By implementing just a few of these ideas, you can reduce your sodium intake by quite a bit. At the same time, make sure you drink at least eight glasses of water to help your body remove any excess salt that is in your system.  You can reduce salt intake or even use a substitute for salto  Avoid add-on salt, its not a necessity.
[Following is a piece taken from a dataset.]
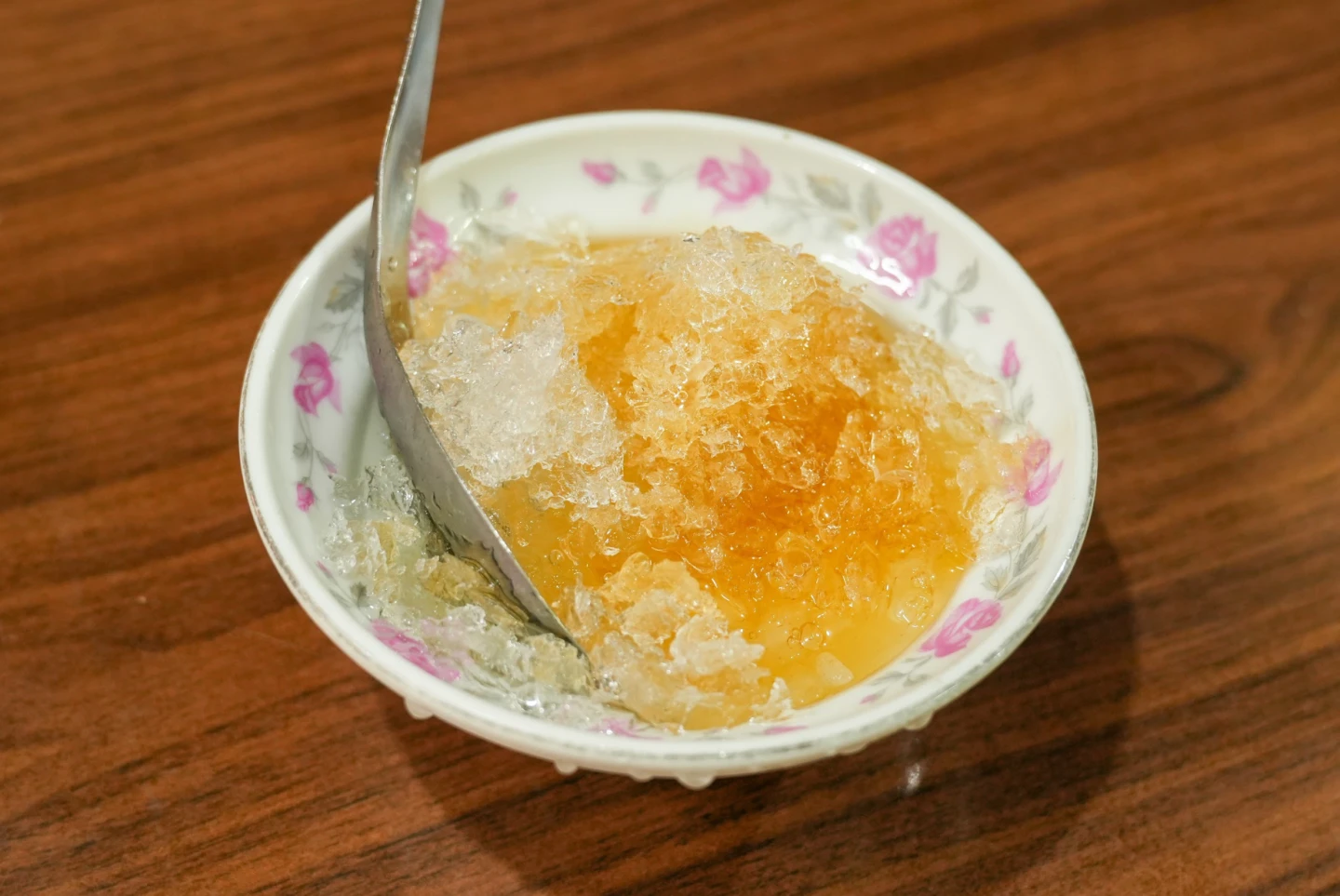 第一站來到在地40年老字號「顏記杏仁露」,位於霞海城隍廟旁永樂市場一樓,是在地知名冰飲店,招牌「杏仁露」會先鋪上碎冰,再淋上古早味糖水,一大塊晶瑩剔透的杏仁凍躺在碗裡,看了就讓人暑氣全消,口感像果凍般Q彈滑嫩,就算平常害怕杏仁味的人也能安心嘗試,香氣不會強烈衝進嘴裡,而是淡淡地慢慢散開,清爽又解膩,是夏天消暑的經典選擇。
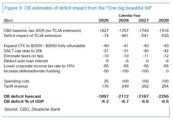 And while fiscal flows could deteriorate in the coming quarters - especially if there is a sharp recession - that risk is largely viewed as relatively low, for now. Meanwhile, DB economists estimate the deficit impact from TCJA extension and other Trump proposals could be largely offset by higher tariff revenues this year, before the deficit widens out more substantially relative to the CBO baseline next year and onward.

  • Eat fewer salty snacks such as potato chips nuts 
  • Read the "Nutrition Facts" panel on food labels to see how much sodium you are eating
  • Read the label. Low salt or reduced-sodium products to be replace those with high salt
  • Use fresh or frozen vegetables instead of high sodium products
  • Avoid extra salty pickles and sausages
  • Use herbs and spices like garlic powder, oregano, and basil to flavor food and use less salt. Season meat with lemon juice, bay leaf and pepper
  • Limit the use of high-salt soy sauce, and seasoned salt. Look for salt-free herb blends for cooking

"Many people may not be aware that salt is harmful for the heart, but now when this has been proved, parents can try and cut down the high intake of salt right from childhood so that their child lives a long, happy and healthy life," says Balbir.